Schloss Colditz: Akademie der Ausbrüche
Es gibt Gefängnisse aus den alten Zeiten, die wie Schlösser aussehen. So wurden sie gebaut, ganz nach dem Architekturgeschmack der Epoche und mit der Aufgabe die Stärke der Macht zu manifestieren. Keine reinen Zweckbauten, sondern auch Prestigeobjekte.
Es gibt aber Schlösser, die als Herrschaftssitze errichtet wurden, als sichere Festungen, um sich die Feinde vom Leibe zu halten. Man konnte sie aber bei Bedarf leicht umfunktionieren und daraus etwas für die Feinde machen, nämlich Gefängnisse. So ohne weiteres kommt man da nicht rein und raus.
Einige Burgen oder Schlösser haben erst durch eine solche Zweckentfremdung Bekanntheit erlangt. So wie zum Beispiel das Schloss Colditz in Sachsen.
Seine Geschichte ist fast ein Jahrtausend lang. Die erste urkundliche Erwähnung stammt aus dem Jahre 1046. Nach etwa sechs Jahrhunderten wurde das Schloss vernachlässigt, dann diente es als Armenhaus und Irrenanstalt.
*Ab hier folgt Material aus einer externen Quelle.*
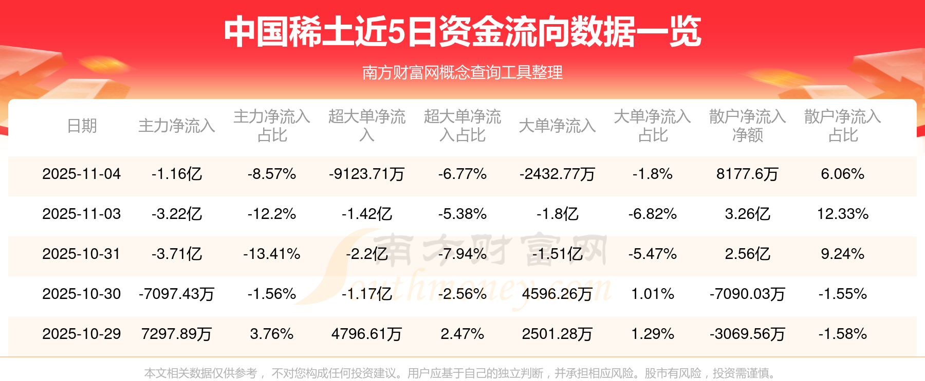 11月4日消息,中国稀土资金净流出1.16亿元,超大单资金净流出9123.71万元,换手率2.55%,成交金额13.48亿元。
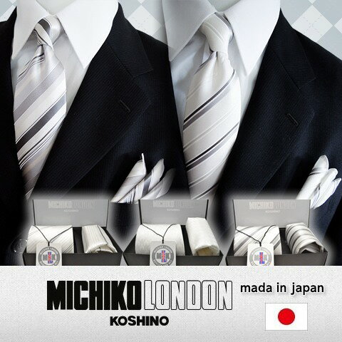 結婚式 ネクタイ シルバー特別ご奉仕 Michiko London ポケットチーフ ネクタイset Box M Cpn Set 贈り物としても喜ばれております 卸だからできる価格 箱付 ネクタイ 結婚式 披露宴 フォーマル ブランド シルク 日本製 プレゼント シルバーグレー Formal Necktie
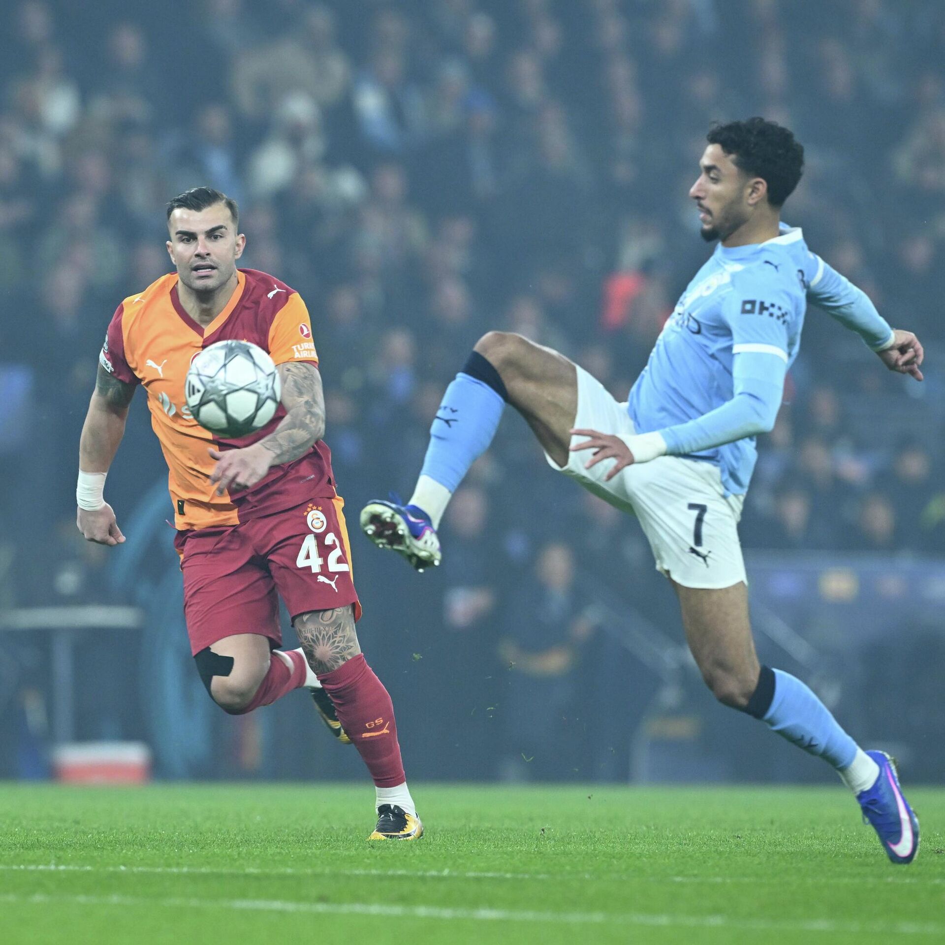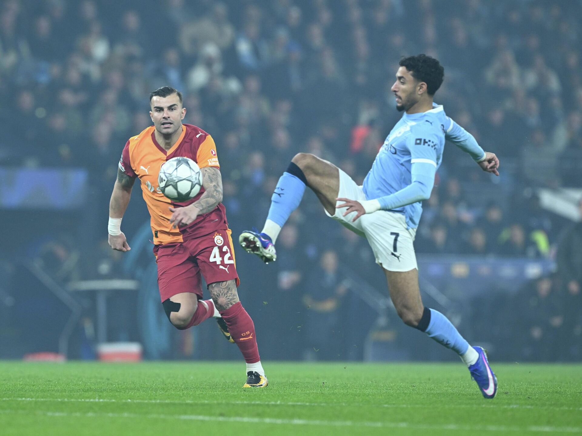 Devler Ligi'nde Galatasaray, İngiliz ekibi Manchester City'e konuk oldu.
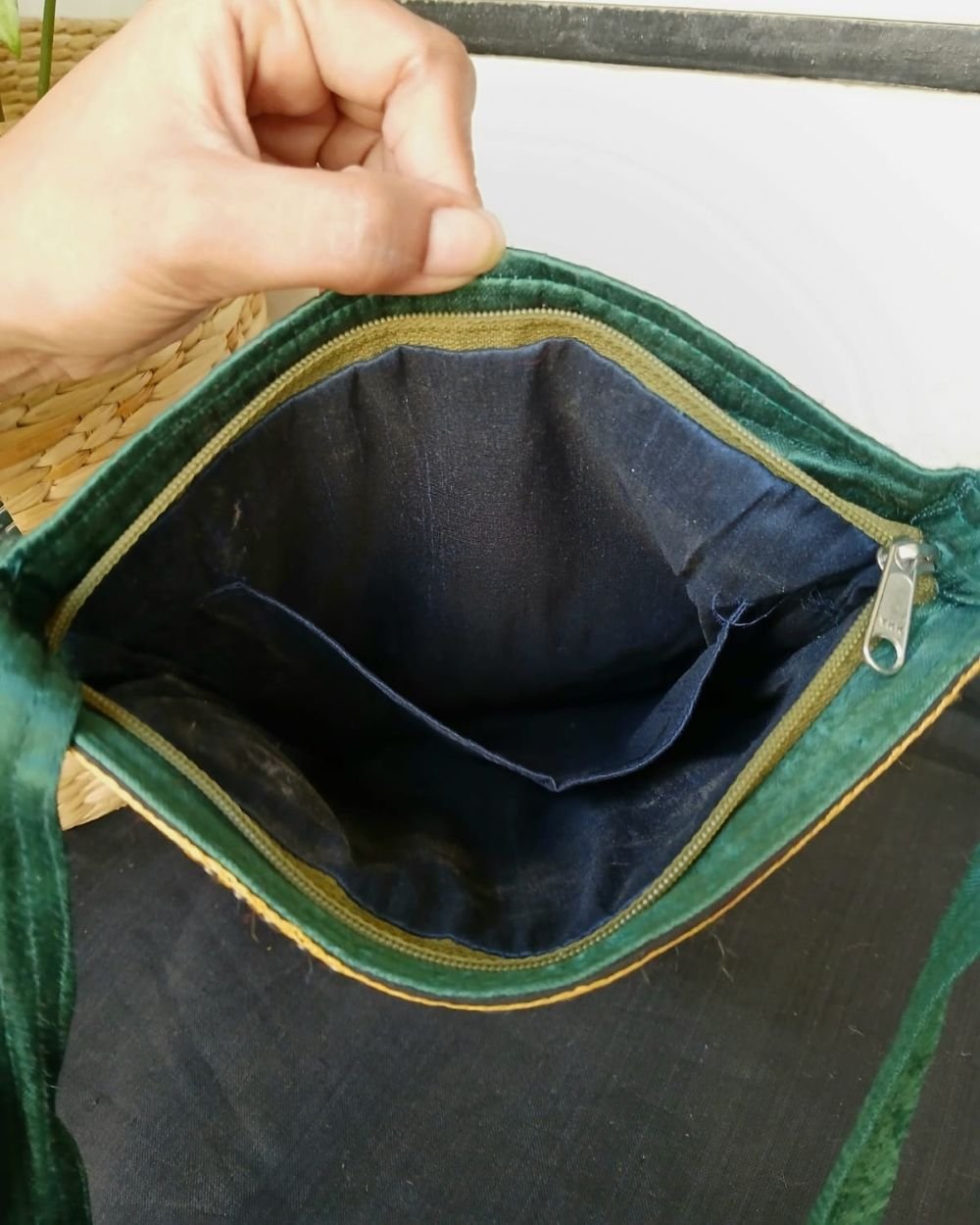Katri Mashru Sling Bag Sling Bag with Katri embroidery and zip closure on top. See more details below
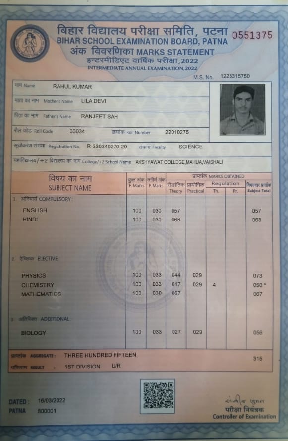 | Exam | Full Marks | Pass Marks | Marks Obtained |
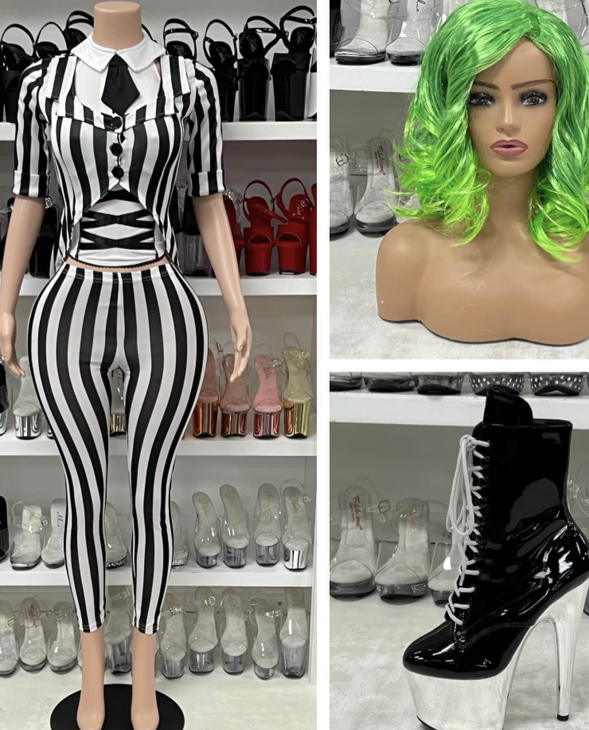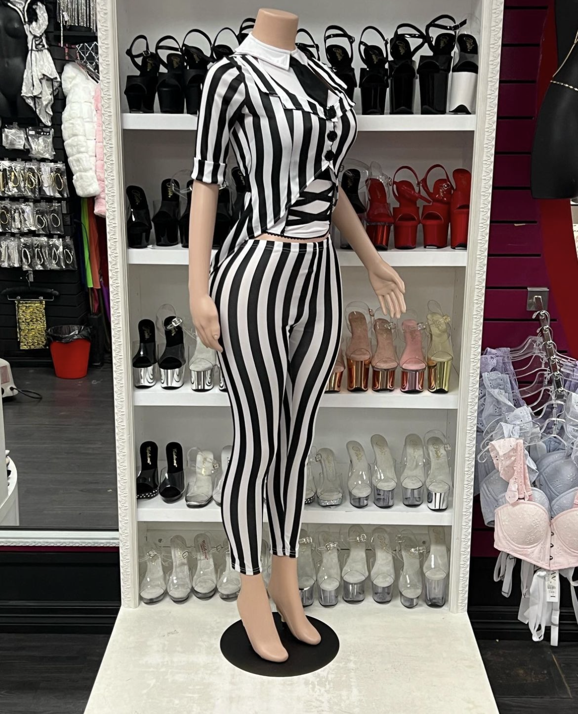 Includes Jacket, Leggings, Mock bustier halter top, Necktie. No returns or exchanges.

Im Zweiten Weltkrieg ab 1939 wurde es zum Kriegsgefangenenlager "Oflag IVc" für ranghohe Offiziere der westlichen Alliierten umfunktioniert. Und einige waren sehr prominent - wie Winston Churchills Neffe Giles Romilly oder George Lascelles - ein Neffe von König Georg VI. Aber das war noch kein Grund, um nach dem Krieg Weltberühmtheit zu erlangen.
Das Gefängnis galt als ausbruchsicher. Nur wollten die Offiziere es nicht so einfach hinnehmen. Es hat über 300 Ausbruchsversuche gegeben und etwa 30 Insassen entkamen. Der Brite Pat Reid beschrieb dies später in einem Buch "The Colditz Story", das großen Erfolg hatte und als Vorlage für einen Film diente.
Jetzt kommen nicht nur sehr viele Briten und Amerikaner nach Colditz, sondern auch Touristen aus anderen Ländern. Allerdings freiwillig - um diesen historischen Ort zu besuchen.